Los viejos amortizados

19 de octubre 2023 - 01:00

Hace poco, viendo un documental sobre la alegre e infeliz Natalie Wood, cuya muerte prematura la convirtió en mito y le ahorró el erosivo paso del tiempo, se enteró uno de que su marido por dos veces, el galán de segunda Robert Wagner, aún vive, cumplidos los mismos noventa y tres años de su coetáneo Clint Eastwood, pero, a diferencia de éste, postergado sin perdón en un largo olvido, tan propincuo a la muerte que llega a ser casi igual de mortífero. Cuántas veces nos sorprendemos al saber que un cantante, una actriz, un escritor, puesto ya en tal olvido que lo dábamos por muerto tiempo ha, cuando en verdad muere nos lleva a exclamar: “¡Ah, pero aún vivía!”. Son tan viejos que, salvo los activos hasta media hora antes de diñarla, parecen sometidos a una doble extinción: la biográfica, que a la mayoría alcanza mucho antes que a unos pocos elegidos, y la biológica, que tiene por costumbre llegar casi siempre después que aquélla.

Es algo que pasa no sólo con personajes célebres o públicos. También sucede con esos ancianos comunes, mal llamados anónimos, cuyos años parecen prolongarse más allá que sus vidas.
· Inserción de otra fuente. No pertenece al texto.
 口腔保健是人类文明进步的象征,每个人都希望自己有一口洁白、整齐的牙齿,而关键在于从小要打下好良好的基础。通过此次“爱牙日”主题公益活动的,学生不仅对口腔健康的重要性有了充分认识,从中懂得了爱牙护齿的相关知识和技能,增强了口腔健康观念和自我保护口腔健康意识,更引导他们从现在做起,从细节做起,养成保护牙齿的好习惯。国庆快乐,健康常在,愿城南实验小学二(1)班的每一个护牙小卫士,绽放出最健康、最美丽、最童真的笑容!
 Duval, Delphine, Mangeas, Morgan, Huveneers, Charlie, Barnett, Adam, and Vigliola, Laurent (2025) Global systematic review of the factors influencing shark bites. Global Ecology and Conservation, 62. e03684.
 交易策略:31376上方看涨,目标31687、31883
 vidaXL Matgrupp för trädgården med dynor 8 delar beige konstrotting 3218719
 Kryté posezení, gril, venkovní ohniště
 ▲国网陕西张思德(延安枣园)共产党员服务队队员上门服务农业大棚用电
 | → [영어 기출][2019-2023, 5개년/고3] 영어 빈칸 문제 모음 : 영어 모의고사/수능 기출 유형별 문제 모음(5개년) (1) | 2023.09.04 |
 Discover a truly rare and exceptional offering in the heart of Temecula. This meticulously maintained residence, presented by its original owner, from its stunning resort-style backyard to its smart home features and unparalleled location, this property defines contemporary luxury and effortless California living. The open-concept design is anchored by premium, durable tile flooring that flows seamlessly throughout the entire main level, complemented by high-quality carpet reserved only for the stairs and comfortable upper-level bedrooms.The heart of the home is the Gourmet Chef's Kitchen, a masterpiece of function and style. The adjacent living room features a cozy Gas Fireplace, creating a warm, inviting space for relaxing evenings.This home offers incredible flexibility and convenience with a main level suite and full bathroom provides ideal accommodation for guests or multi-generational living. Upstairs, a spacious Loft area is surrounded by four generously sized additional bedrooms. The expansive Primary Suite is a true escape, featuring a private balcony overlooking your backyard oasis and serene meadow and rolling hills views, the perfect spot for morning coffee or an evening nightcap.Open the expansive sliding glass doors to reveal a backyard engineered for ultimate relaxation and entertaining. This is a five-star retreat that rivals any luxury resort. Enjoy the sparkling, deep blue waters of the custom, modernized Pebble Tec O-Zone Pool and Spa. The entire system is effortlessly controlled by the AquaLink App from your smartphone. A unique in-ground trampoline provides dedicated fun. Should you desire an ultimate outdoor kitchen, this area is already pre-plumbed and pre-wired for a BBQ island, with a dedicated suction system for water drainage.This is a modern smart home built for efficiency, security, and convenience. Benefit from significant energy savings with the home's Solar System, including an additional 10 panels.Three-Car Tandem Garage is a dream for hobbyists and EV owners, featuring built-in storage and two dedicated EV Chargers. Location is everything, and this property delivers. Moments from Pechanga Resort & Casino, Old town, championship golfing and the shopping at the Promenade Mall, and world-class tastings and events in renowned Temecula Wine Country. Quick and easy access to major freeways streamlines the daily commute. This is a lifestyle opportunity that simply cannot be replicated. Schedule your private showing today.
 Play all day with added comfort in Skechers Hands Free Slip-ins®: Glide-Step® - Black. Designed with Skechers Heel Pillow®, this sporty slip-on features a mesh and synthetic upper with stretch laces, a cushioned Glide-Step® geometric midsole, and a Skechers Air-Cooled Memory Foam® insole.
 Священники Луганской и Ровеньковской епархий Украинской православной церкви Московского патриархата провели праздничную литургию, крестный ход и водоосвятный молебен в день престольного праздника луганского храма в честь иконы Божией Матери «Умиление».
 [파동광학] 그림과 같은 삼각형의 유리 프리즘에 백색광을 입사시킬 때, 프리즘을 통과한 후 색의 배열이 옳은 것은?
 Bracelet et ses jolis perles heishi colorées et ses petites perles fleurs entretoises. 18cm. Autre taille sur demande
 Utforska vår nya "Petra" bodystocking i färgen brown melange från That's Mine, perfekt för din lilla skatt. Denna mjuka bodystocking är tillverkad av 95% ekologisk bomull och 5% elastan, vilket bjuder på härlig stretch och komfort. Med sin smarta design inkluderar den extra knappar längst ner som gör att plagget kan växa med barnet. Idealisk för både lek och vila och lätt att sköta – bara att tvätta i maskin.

Quién no tiene una tía, un abuelo, alguien cercano de cuya vida apenas tiene noticia, porque sus aceleradas horas no le dan para interesarse por ella, o porque vaya coñazo acercarse a la residencia o al penumbroso hogar donde pasan sus horas inacabables repitiendo las historias de siempre, con la televisión impenitente en voz ensordecedoramente alta, no tanto por dureza de oído cuanto porque algún ruido los acompañe y ahuyente el silencio azocado de la soledad no querida, o babeando sin reconocer a nadie, tan olvidados que cuando nos llaman para decirnos que ahora sí, ahora les ha llegado su hora, por un momento dudamos si no estaban ya muertos, si no será que la muerte los ha visitado dos veces: ahora, de forma definitiva, y en ese ambiguo o incalculable antes en el que dejamos de interesarnos por ellos.

Es curioso que una época como la nuestra, cuando la vida humana tiende a prolongarse cada día más, y empieza a ser habitual la existencia de personas nonagenarias y aun centenarias, dé por amortizados a tantos viejos, prescinda de sus biografías cuando la biología los va dejando en un segundo o tercer plano, arrumbándolos en ese trastero triste y final que es el olvido, avanzadilla de la muerte, su más amargo aperitivo. Quizá esa prórroga que les concede la vida sea para nosotros en vez de para ellos. No ya para hacer esa visita que les insuflará vida, pero nunca hacemos. Ni para volver a oír esa anécdota antigua que creíamos archisabida, aunque sólo ahora nos revele todo su calado. Más bien para que nos vayamos dando cuenta de que, pese a creernos tan eternamente presentes, en apenas tres, cinco parpadeos el tiempo nos amortizará también a nosotros y la muerte nos habrá alcanzado, bien de una atinada o certera vez, bien en pequeñas y sucesivas y mordientes veces.